Namun ada beberapa hal yang sekiranya dijadikan pelajaran dari pengalaman proses pemilihan Kepala Desa selama ini. Pertama, dengan banyaknya peminat, maka penyaringan dan persyaratan seyogyanya diperketat, sehingga tidak ada lagi calon Kepala Desa yang ”diragukan” setelah yang bersangkutan terpilih, atau sebaliknya, calon yang semula ”diragukan” malah ikut pemilihan. Kedua, pengajuan program kerja sebagai salah satu persyaratan, seyogyanya mendapat perhatian yang lebih memadai, sebagai batu uji daya tanggap calon terhadap permasalahan (sekaligus upaya pemecahannya) di desanya. Ketiga, kelambatan dari jadwal yang telah ditentukan, baik karena kelalaian calon memenuhi persyaratan, cara kerja panitia lokal yang ”santai”, atau ”ketenangan” penanganan instansi yang di atasnya, kiranya dapat dihindari, apalagi kalau karena keterlambatan salah satu desa mengakibatkan penangguhan untuk tingkat wilayah yang lebih luas (kecamatan/kewedanaan). Keempat, menghindari adanya ”wasit yang ikut main”, sehingga memerlukan pengawasan yang lebih intensif, baik sebelum masa kampanye, pada masa kampanye, dan terutama pada hari ”H”-nya, sejak jam 00.00 WIB sampai dengan selesai penghitungan hasil suara, agar penyelewengan oleh figur-figur tertentu dapat dihindari. Kelima, besarnya dana pencalonan yang telah ditetapkan pemerintah seyogyanya mendapat pengawasan, untuk menghindari pemanfaatan kesempatan dalam kesempitan, karena calon biasanya menanggung beban biaya yang cukup besar untuk biaya-biaya lainnya. Keenam, mengurangi /meniadakan keterlibatan penjudi, karena peranan yang satu ini dapat mempengaruhi opini massa. Dan mungkin hal lain, yang belum terungkap di sini.

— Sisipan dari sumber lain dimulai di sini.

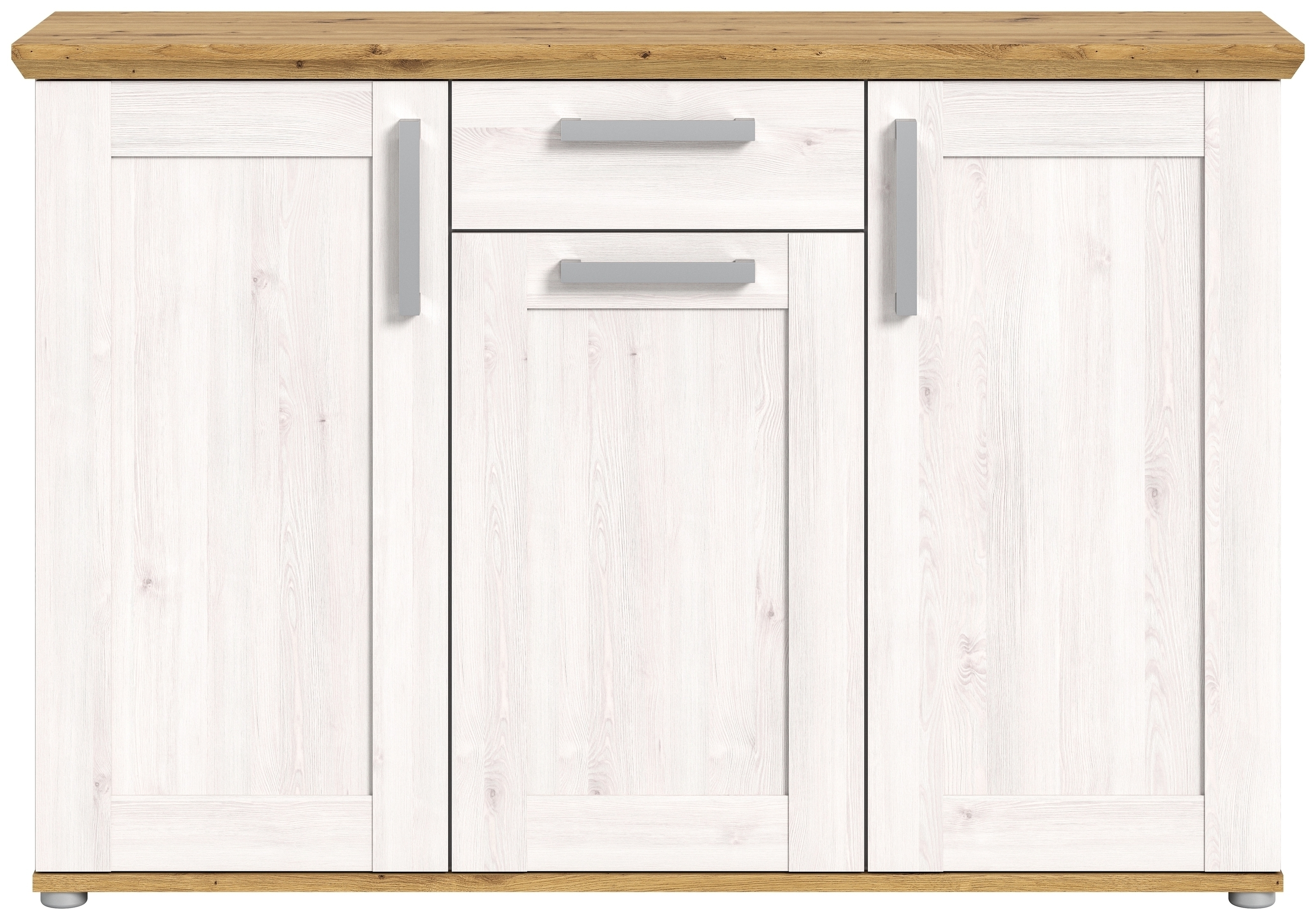 Die schlichten Linien, das Sibiu Lärche Dekor mit farblich abgesetztem Ober- und Unterboden in Artisan Eiche Nachbildung unterstreichen den modernen Landhaus-Look und sorgen für eine wohnliche Atmosphäre. Auf dem Lowboard findet Ihr TV seinen Platz, während das Highboard geschlossenen Stauraum und das Wandboard zusätzliche Ablagefläche bietet.

Akan halnya pemekaran desa itu sendiri, tentu memerlukan pemikiran, waktu dan biaya yang tidak sedikit. Tetapi, kalau kita telah sepakat untuk menjadikan desa sebagai sasaran utama pembangunan, seyogyanya kita menerima konsekuensi logis berikutnya, yakni mendudukkan kepentingan desa pada prioritas yang tinggi.

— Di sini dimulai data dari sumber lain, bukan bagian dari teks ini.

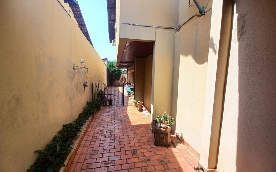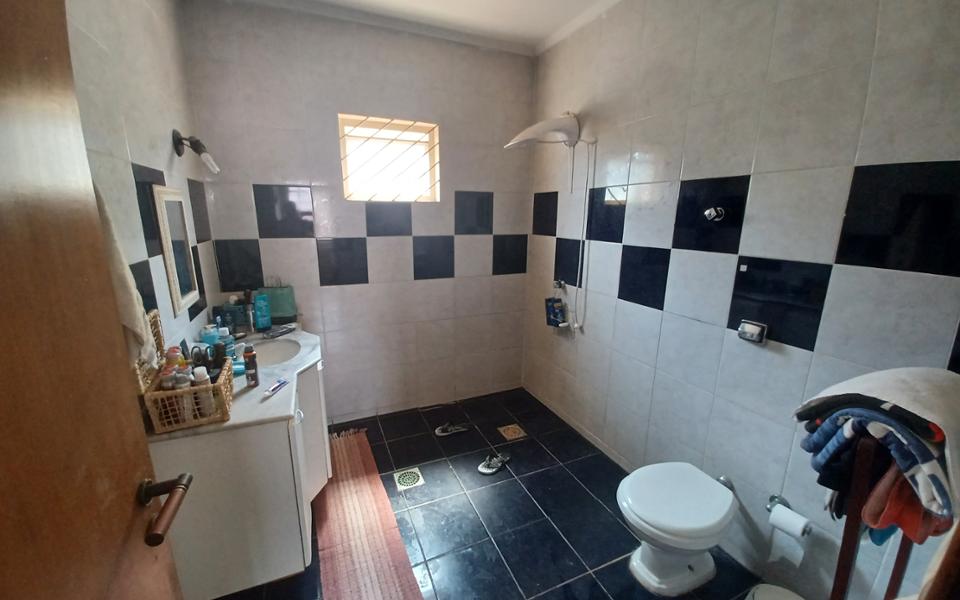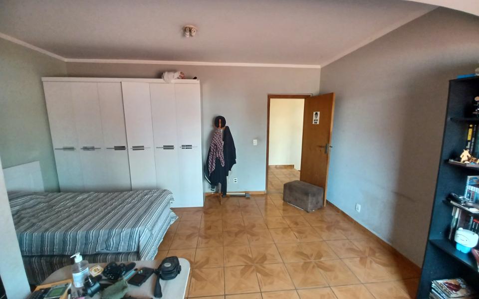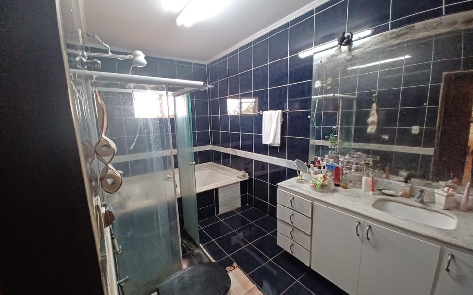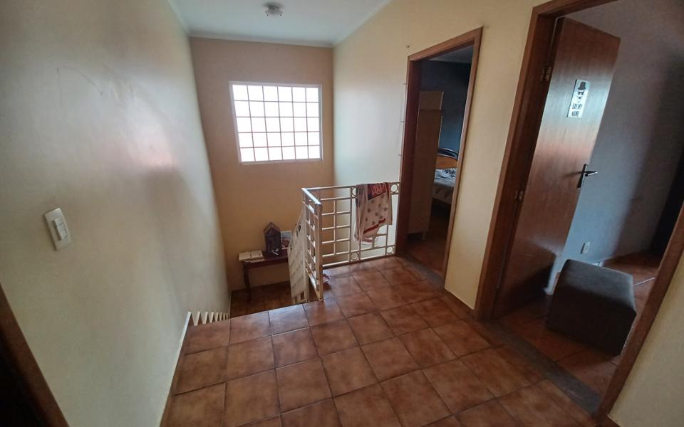 Parte Superior com 01 suíte com closet e banheira, 02 quartos, 01 banheiro social . Garagem para 2 carros cobertos e corredor lateral para 02 carros descobertos.

Bahwa prioritas kita sekarang tertuju dalam mempersiapkan suksesnya Pemilu tahun 1987, mungkin pemantapan dari pemekaran desa yang lalu merupakan salah-satu upayanya, kalau dipandang bahwa pemekaran desa baru belum memungkinkan. Atau, siapa tahu dengan pemekaran desa baru yang diselenggarakan secepatnya justru akan menyambut Pemilu tahun 1987 dengan sebaik-baiknya.



Artikel ini dimuat di Harian Pikiran Rakyat, Senin, 3 Maret 1986; halaman 6.